The new veterinarian at Georgian Triangle Humane Society has been knuckle-deep in dog abdomens completing hundreds of spay/neuter surgeries and seeing to the health of dogs and cats looking for homes. 

Dr. Stephanie Dam spent her day on Aug. 16 performing some of those surgeries on a litter of puppies headed to Barrie PetSmart Pup-up adoption event on Saturday. As she snipped, sliced, and stitched, she talked about her career spanning from Australia to James Bay and the big and small animals she's helped along the way. 

Once she discovered that post-secondary education was possible, even with the learning disabilities she dealt with in childhood, Dam realized biology was one of her strongest subjects. Without knowing what she wanted to do, but knowing she loved animals, she headed to the Australian outback where she made her decision.

“I worked there for about nine months … on a cattle station in the outback treating injured animals with a vet,” said Dam while adeptly cutting a small incision into a puppy’s abdomen. 

“Because the vet only came so often, I’d have to do all the treatments in between … and I loved it.” 

She completed her undergrad and vet school at University of Guelph and graduated as a large animal veterinarian. 

“I thought I’d be a large animal vet my whole career,” said Dam.

However, she developed a life-threatening allergy to a topical antibiotic commonly used on large animals, which cut her large animal veterinary career short. 

She worked with small animals in general practice and then in emergency and shelter medicine, and she had a mobile clinic she used for in-home end-of-life care.
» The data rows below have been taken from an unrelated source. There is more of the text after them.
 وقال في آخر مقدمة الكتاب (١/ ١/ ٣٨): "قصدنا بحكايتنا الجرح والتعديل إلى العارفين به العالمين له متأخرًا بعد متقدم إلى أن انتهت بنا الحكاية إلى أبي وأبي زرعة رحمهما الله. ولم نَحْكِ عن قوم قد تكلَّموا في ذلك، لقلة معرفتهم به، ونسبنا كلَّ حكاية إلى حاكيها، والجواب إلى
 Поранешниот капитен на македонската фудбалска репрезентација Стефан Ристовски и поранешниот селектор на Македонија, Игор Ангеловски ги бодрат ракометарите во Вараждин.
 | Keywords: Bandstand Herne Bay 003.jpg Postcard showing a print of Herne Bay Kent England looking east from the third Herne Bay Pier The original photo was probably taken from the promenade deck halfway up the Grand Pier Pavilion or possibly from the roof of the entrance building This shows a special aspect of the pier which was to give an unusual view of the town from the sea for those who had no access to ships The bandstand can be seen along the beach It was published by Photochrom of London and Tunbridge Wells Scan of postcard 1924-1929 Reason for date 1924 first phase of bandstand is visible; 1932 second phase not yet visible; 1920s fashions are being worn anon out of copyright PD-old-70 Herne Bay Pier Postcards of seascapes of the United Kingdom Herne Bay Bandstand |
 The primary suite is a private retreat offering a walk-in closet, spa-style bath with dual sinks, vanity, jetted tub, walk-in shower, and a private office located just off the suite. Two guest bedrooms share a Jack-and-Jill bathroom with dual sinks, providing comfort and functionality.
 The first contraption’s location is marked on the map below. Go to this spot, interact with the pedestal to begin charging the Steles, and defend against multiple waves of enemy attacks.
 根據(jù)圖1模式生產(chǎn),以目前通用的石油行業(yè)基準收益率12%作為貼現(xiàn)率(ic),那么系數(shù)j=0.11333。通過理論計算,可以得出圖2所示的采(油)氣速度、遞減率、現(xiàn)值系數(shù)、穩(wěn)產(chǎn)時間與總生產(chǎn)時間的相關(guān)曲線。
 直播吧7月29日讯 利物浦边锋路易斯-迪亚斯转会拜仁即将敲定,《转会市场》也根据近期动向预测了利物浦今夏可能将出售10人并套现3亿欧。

She also worked with First Nations communities near Caledonia and took trips to James Bay to offer veterinary services to the animals in remote areas. 

The veterinarian job at the GTHS animal centre rolled all those jobs into one, and prompted the Hamilton resident to accept in February of this year. 

“All vets care for animals, but I think shelter medicine is a unique area … it’s not for everybody … it’s definitely something that some people have a passion for, and I have a passion for,” said Dam, twisting stitches around the puppy's uterus so it could be removed.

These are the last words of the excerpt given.